Transcribe, verbatim, every line from the start of the entries through the line that contains "O Tiramisú Clássico"; include both boundary lines and omit all others.
————————
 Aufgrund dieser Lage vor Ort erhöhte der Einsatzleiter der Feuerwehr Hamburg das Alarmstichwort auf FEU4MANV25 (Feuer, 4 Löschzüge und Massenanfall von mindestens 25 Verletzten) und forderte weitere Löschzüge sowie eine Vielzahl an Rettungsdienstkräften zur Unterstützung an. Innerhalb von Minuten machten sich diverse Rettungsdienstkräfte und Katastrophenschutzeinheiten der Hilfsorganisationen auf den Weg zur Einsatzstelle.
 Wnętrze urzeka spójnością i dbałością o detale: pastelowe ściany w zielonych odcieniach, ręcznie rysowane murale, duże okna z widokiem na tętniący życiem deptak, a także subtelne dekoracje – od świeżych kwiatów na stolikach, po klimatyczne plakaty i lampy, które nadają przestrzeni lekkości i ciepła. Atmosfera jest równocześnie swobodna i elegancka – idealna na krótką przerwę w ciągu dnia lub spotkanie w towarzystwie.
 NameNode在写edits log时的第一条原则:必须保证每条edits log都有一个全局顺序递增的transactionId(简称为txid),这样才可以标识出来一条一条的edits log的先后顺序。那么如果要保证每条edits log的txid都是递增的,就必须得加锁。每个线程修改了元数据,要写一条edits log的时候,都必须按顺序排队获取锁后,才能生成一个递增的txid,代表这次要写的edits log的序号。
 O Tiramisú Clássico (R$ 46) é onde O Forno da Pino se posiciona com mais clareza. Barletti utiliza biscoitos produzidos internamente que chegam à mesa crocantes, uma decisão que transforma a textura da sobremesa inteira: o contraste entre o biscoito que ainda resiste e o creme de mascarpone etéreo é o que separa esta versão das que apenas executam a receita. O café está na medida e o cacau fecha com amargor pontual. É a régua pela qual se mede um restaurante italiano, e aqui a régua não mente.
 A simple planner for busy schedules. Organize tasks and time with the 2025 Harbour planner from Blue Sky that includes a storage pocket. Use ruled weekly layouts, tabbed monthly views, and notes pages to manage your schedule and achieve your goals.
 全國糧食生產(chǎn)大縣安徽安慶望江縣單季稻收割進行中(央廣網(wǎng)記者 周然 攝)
————————
- Output of the exercise:
 Aufgrund dieser Lage vor Ort erhöhte der Einsatzleiter der Feuerwehr Hamburg das Alarmstichwort auf FEU4MANV25 (Feuer, 4 Löschzüge und Massenanfall von mindestens 25 Verletzten) und forderte weitere Löschzüge sowie eine Vielzahl an Rettungsdienstkräften zur Unterstützung an. Innerhalb von Minuten machten sich diverse Rettungsdienstkräfte und Katastrophenschutzeinheiten der Hilfsorganisationen auf den Weg zur Einsatzstelle.
 Wnętrze urzeka spójnością i dbałością o detale: pastelowe ściany w zielonych odcieniach, ręcznie rysowane murale, duże okna z widokiem na tętniący życiem deptak, a także subtelne dekoracje – od świeżych kwiatów na stolikach, po klimatyczne plakaty i lampy, które nadają przestrzeni lekkości i ciepła. Atmosfera jest równocześnie swobodna i elegancka – idealna na krótką przerwę w ciągu dnia lub spotkanie w towarzystwie.
 NameNode在写edits log时的第一条原则:必须保证每条edits log都有一个全局顺序递增的transactionId(简称为txid),这样才可以标识出来一条一条的edits log的先后顺序。那么如果要保证每条edits log的txid都是递增的,就必须得加锁。每个线程修改了元数据,要写一条edits log的时候,都必须按顺序排队获取锁后,才能生成一个递增的txid,代表这次要写的edits log的序号。
 O Tiramisú Clássico (R$ 46) é onde O Forno da Pino se posiciona com mais clareza. Barletti utiliza biscoitos produzidos internamente que chegam à mesa crocantes, uma decisão que transforma a textura da sobremesa inteira: o contraste entre o biscoito que ainda resiste e o creme de mascarpone etéreo é o que separa esta versão das que apenas executam a receita. O café está na medida e o cacau fecha com amargor pontual. É a régua pela qual se mede um restaurante italiano, e aqui a régua não mente.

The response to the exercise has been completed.